We will work on a database called “boutique”:

CREATE DATABASE boutique OWNER paul;

We need to activate the anon library inside that database:

ALTER DATABASE boutique
SET session_preload_libraries = 'anon';

Authors

This workshop is a collective work from Damien Clochard, Be Hai Tran, Florent Jardin, Frédéric Yhuel.

License

This document is distributed under the PostgreSQL license.

The source is available at

https://gitlab.com/dalibo/postgresql_anonymizer/-/tree/master/docs/how-to

Credits

Cover photo by Alex Conchillos from Pexels (CC Zero)
“Paul’s Boutique” is the second studio album by American hip hop group Beastie Boys, released on July 25, 1989 by Capitol Records

1 - Static Masking

Static Masking is the simplest way to hide personal information!

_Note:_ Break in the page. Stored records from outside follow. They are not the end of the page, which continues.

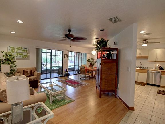 Immaculate ground floor home in desirable West Melbourne. The well-appointed eat-in kitchen has new stainless steel appliances, ceiling fan and faucet. Spacious master boasts his & hers closets and a full bath. Sliding glass doors in both living and dining rooms frame views of the garden. Enjoy the views from the 200 square foot screened patio. Relax in the second bathroom jetted tub. Lovely wood laminate flooring throughout with tile in the wet areas only. Laundry room comes equipped with washer and dryer. Finished single car garage with sealed concrete floor has a separate 5'2" by 12'4" storage room. Greenwood Manor is gated community with a clubhouse, pool, and exercise room. Close to shopping, theaters and I-95.
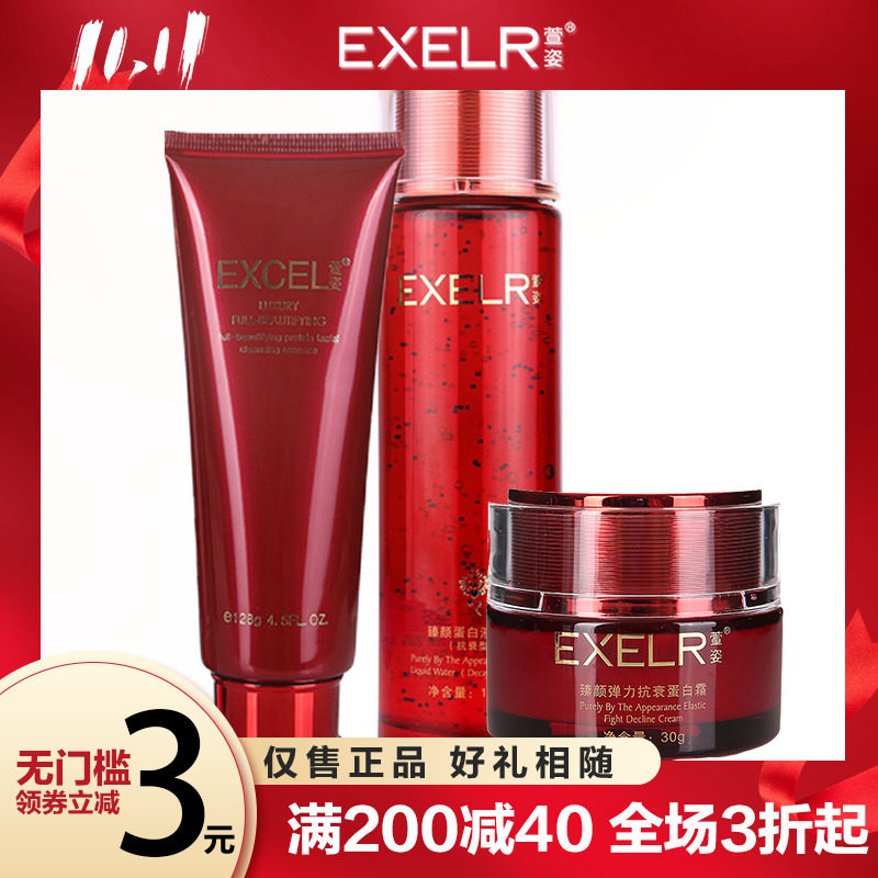 Подтягивающий увлажняющий набор для ухода за кожей, антиокислительное очищающее молочко, крем, комплект, 3 предмета
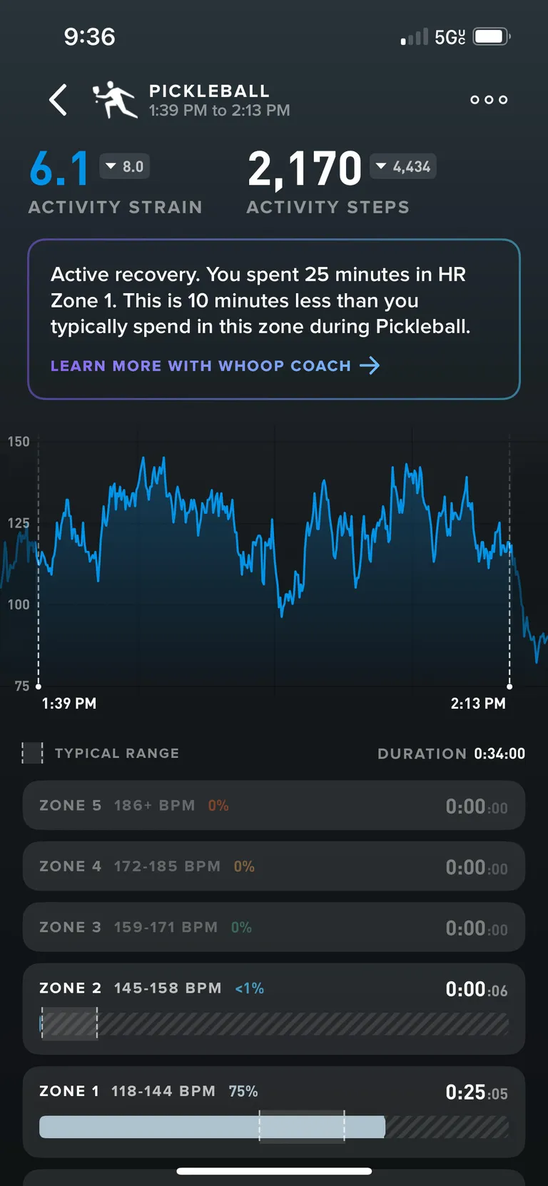 Підписка Whoop One забезпечує повний набір біометричних показників, включно з моніторингом пульсу, VO₂ Max, фаз сну, щоденною активністю, кроками та автоматичним визначенням типу тренування. Алгоритми Whoop формують оцінку відновлення й рівень навантаження (strain score) — на основі серцевого ритму, варіабельності пульсу (HRV) та якості сну. У дні, коли тіло повністю відновилось (зелені дні), Whoop радить тренуватися інтенсивніше; у червоні дні рекомендує знизити навантаження.
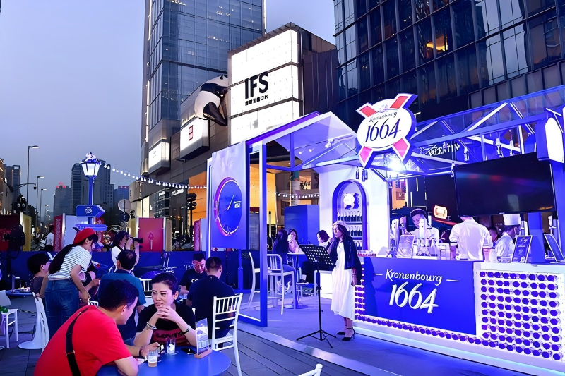 For this commercial pop-up zone, our outdoor lighting design uses targeted blue lighting to accent the booth, paired with background architectural lighting design for surrounding high-rises. The scheme merges brand-focused lighting design with functional ambient illumination, boosting foot traffic and creating a vibrant nighttime commercial atmosphere—core to our commercial scene lighting solutions.
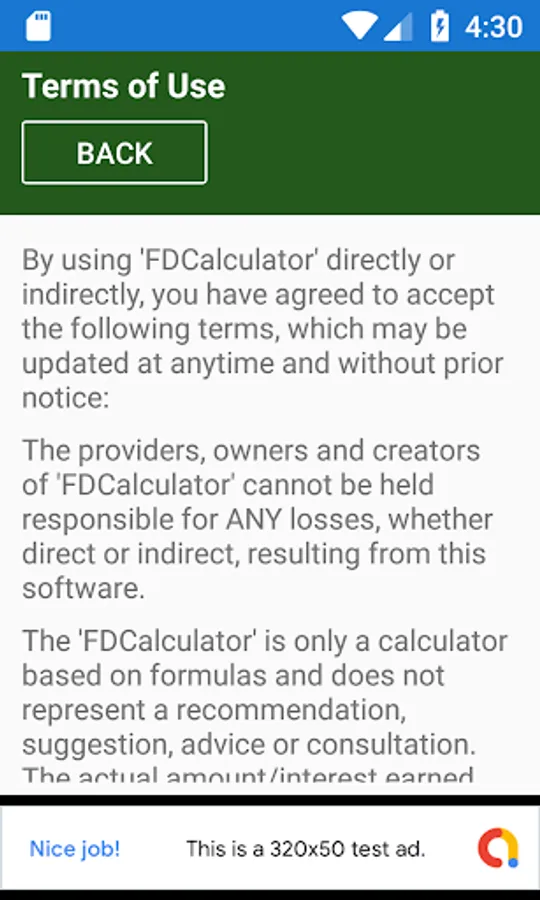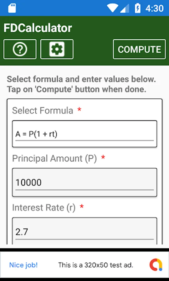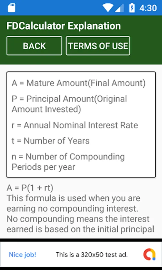 FDCalculator is an application that calculates your fixed deposit investment based on formula provided. For each formula there is a short explanation on how your interest is earned.

This idea is simply to destroy the original data or replace it with an artificial one.

The story

Over the years, Paul has collected data about his customers and their purchases in a simple database. He recently installed a brand new sales application and the old database is now obsolete. He wants to save it and he would like to remove all personal information before archiving it.

How it works

Learning Objective

In this section, we will learn:

How to write simple masking rules
The advantage and limitations of static masking
The concept of “Singling Out” a person

The “customer” table

DROP TABLE IF EXISTS customer CASCADE;
DROP TABLE IF EXISTS payout CASCADE;
CREATE TABLE customer ( id SERIAL PRIMARY KEY, firstname TEXT, lastname TEXT, phone TEXT, birth DATE, postcode TEXT );

Insert a few persons:

INSERT INTO customer
VALUES (107,'Sarah','Conor','060-911-0911', '1965-10-10', '90016'),
       (258,'Luke', 'Skywalker', NULL, '1951-09-25', '90120'),
       (341,'Don', 'Draper','347-515-3423', '1926-06-01', '04520') ;

SELECT *
FROM customer;

id	firstname	lastname	phone	birth	postcode
107	Sarah	Conor	060-911-0911	1965-10-10	90016
258	Luke	Skywalker	None	1951-09-25	90120
341	Don	Draper	347-515-3423	1926-06-01	04520

The “payout” table

Sales are tracked in a simple table:

CREATE TABLE payout ( id SERIAL PRIMARY KEY, fk_customer_id INT REFERENCES customer(id), order_date DATE, payment_date DATE, amount INT );

Let's add some orders:

INSERT INTO payout
VALUES (1,107,'2021-10-01','2021-10-01', '7'),
       (2,258,'2021-10-02','2021-10-03', '20'),
       (3,341,'2021-10-02','2021-10-02', '543'),
       (4,258,'2021-10-05','2021-10-05', '12'),
       (5,258,'2021-10-06','2021-10-06', '92') ;

Activate the extension

CREATE EXTENSION IF NOT EXISTS anon CASCADE;


SELECT anon.init();


SELECT setseed(0);

Declare the masking rules

Paul wants to hide the last name and the phone numbers of his clients. He will use the fake_last_name() and partial() functions for that:

SECURITY LABEL
FOR anon ON COLUMN customer.lastname IS 'MASKED WITH FUNCTION anon.fake_last_name()';

SECURITY LABEL
FOR anon ON COLUMN customer.phone IS 'MASKED WITH FUNCTION anon.partial(phone,2,$$X-XXX-XX$$,2)';

Apply the rules permanently

SELECT anon.anonymize_table('customer');

anonymize_table
True

SELECT id,
       firstname,
       lastname,
       phone
FROM customer;

id	firstname	lastname	phone
107	Sarah	Morgan	06X-XXX-XX11
258	Luke	Thomas	None
341	Don	Clarke	34X-XXX-XX23

This is called Static Masking because the real data has been permanently replaced. We'll see later how we can use dynamic anonymization or anonymous exports.

Exercices

E101 - Mask the client’s first names

Declare a new masking rule and run the static anonymization function again.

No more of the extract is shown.